Bienvenido "Benny" Mirando Abante Jr. (born May 15, 1951) is a Filipino politician and Bible Baptist pastor who is currently serving as the representative of Manila's 6th district since 2019, a position he previously held from 2004 to 2010. He also served as a House Deputy Speaker from 2020 to 2022, House Minority Leader from 2019 to 2020, and a councilor of Manila from the 6th district from 1992 to 1995. He is also the host pastor of the Metropolitan Bible Baptist Church and Ministries in Santa Ana, Manila.

Early life and education
Abante was born in Santa Mesa, Manila on July 15, 1951, the eldest of four sons of the Rev. Ben O. Abante Sr. and Priscilla Mirando. He has two younger brothers, who both grew up to be ministers.

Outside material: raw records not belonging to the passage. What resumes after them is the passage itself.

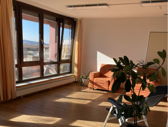 Bad Wurzach - Teilstationäre Patientinnen und Patienten der Rehaklinik Bad Wurzach können sich zwischen ihren Behandlungen ab sofort in einen sonnigen, gemütlichen Ruheraum, der zum Verweilen einlädt, zurückziehen.
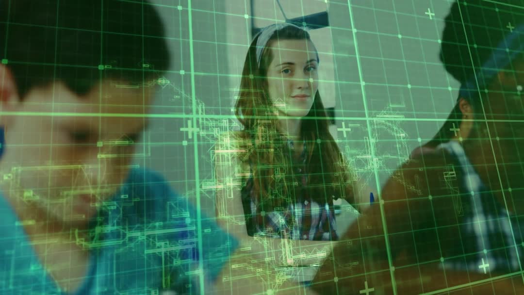 Students in Classroom with Futuristic Digital Overlay Video
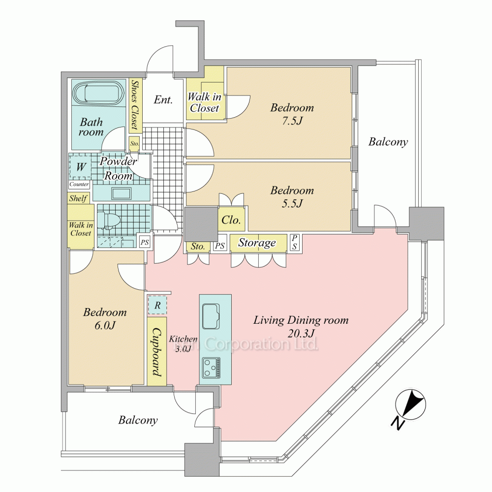 | 特徴 | 角部屋、 眺望良好、 バルコニー、 2面採光、 2面バルコニー、 天井高3m以上、 LDK20帖以上 |
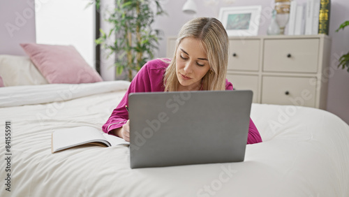 Naklejka premium A focused young woman lies comfortably on her bed at home, working on a laptop and taking notes.
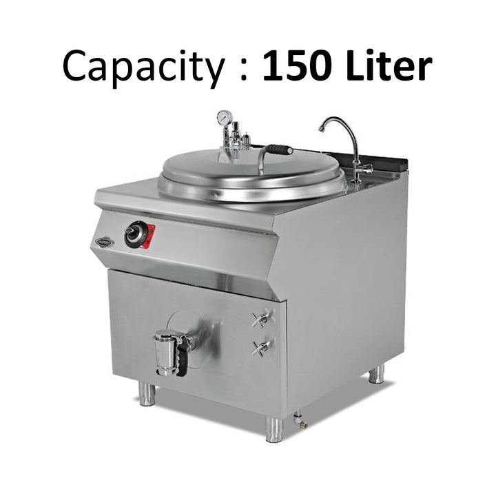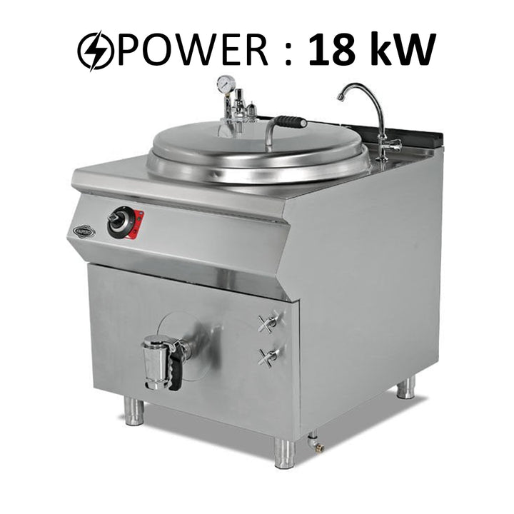 • Features a large capacity of 150 liters and a powerful 18 kW electric motor for rapid boiling.
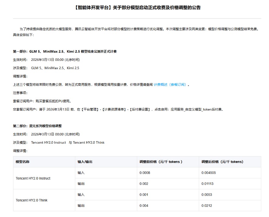 就在一周前,腾讯云宣布,3月13日起,GLM 5、MiniMax 2.5、Kimi 2.5模型结束公测并正式计费;混元系列模型价格上调。
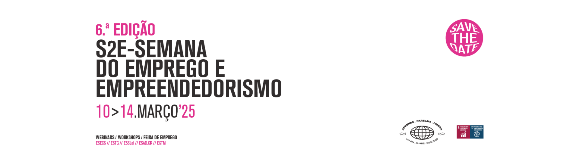 Entre os dias 10 e 14 de março de 2025, o Politécnico de Leiria promove a “S2E – Semana do Emprego e Empreendedorismo”, especialmente dirigida aos estudantes e alumni do IPLeiria.
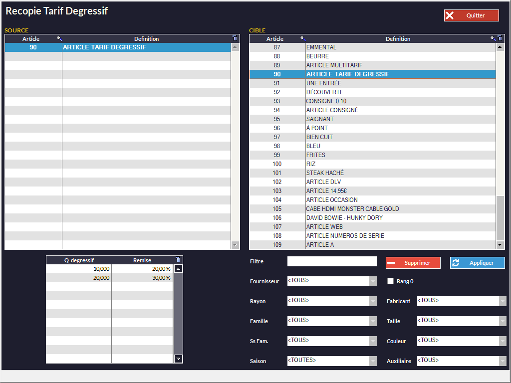 un articledans le tableau de droite (Cible)etunfaitesAppliquer. C'est fait : l'article cible prendra la même forme de tarif dégressif que l'article source. Il est possible de sélectionnerou plusieurs articles pour le(s)quel(s) on souhaite répercuter ce même dégressif (Ctrl-Apour une multi sélection, Ctrl+Clic ouCtrl-Clic)Ctrl+A) - Cliquez sur
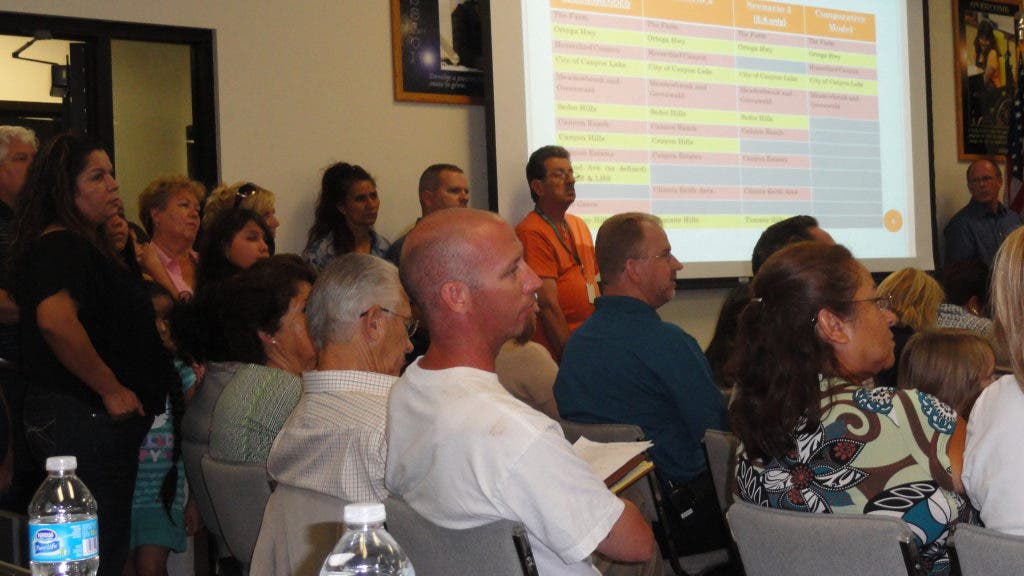 It was standing room only Monday night at the Lake Elsinore Unified School District headquarters as nearly 100 people turned out to hear if there would be yellow buses running when school starts Aug. 13.

He grew up taking on odd jobs such as shining shoes, selling newspapers and corsages and working on a construction site at a young age to support himself. He also worked as an auditor. He earned his bachelor's degree from Far Eastern University in 1971. He later graduated with a bachelor's and graduate degrees in theology at Citadel Baptist College in Sacramento, California and Baptist Bible College in Makati, respectively. He also holds a master's degree in Government Management from the Pamantasan ng Lungsod ng Maynila.

Ministerial career 
In 1975, he started the Metropolitan Bible Baptist Church and Ministries in Santa Ana, Manila. He is also in the academe, having been named as the president of Metropolitan Lighthouse Theological School and Institute in Quezon City and administrator of the Metropolitan International Christian Academy in Manila in 1985. He was conferred a honorary degree in theology at Citadel Baptist College in 1985 and honorary doctor of theology at Indianapolis Baptist College in 1987.

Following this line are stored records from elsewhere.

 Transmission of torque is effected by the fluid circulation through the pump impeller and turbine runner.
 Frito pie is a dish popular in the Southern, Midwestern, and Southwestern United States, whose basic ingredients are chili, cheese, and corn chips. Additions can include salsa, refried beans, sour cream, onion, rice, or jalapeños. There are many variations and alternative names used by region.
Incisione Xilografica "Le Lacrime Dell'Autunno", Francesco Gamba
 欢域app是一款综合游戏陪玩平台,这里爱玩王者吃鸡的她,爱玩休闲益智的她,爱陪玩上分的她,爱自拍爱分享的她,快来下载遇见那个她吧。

In 1986, he founded the Bible Believers League for Morality and Democracy (BIBLEMODE), and also heads the Abante International Ministries (AIM), the Grace and Truth Community International Foundation, Inc., and the Ben O. Abante Baptist Bible College.

Political career
He served as a councilor of Manila from the 6th district from 1992 to 1995. He was recognized by the Manila City Hall Press Club as the Outstanding Councilor of Manila in 1994. After his term as councilor, he served as commissioner of Presidential Commission for Urban Poor, Manila from 1996 to 1998. He was also named special assistant to national chairman of Lakas–NUCD in 2000.

House of Representatives 
He ran and won a seat in the House of Representatives in May 2004. He was subsequently named chairman of the Committee on Public Information. His major undertakings in his district focused on health, education, social services and infrastructure development and/or improvement. Abante's committee also scrutinized the Right of Reply Bill that was criticized by the media organizations as a curtailment to the freedom of the press. He also proposed an Anti-Sex Video Bill that imposes stiffer penalties of the people involved in the manufacture of sex videos. He was one of the principal authors of the Freedom of Information (FOI) Bill during the 14th Congress. The FOI bill was defeated in Congress after its opponents questioned if there was a quorum on the final session day. Abante unsuccessfully defended his seat in the 2010 election, losing to former representative Rosenda Ann "Sandy" Ocampo. He attempted a comeback to the Congress in 2013 and 2016 but was unsuccessful, losing both to Ocampo. Abante was elected as Representative of Manila's 6th District in 2019 with the previous incumbent Ocampo ineligible for reelection. He ran against Councilor Cassy Sison and newcomer Yvette Ocampo, Sandy's sister. He ran under the banner of Asenso Manileño with Isko Moreno running for Mayor.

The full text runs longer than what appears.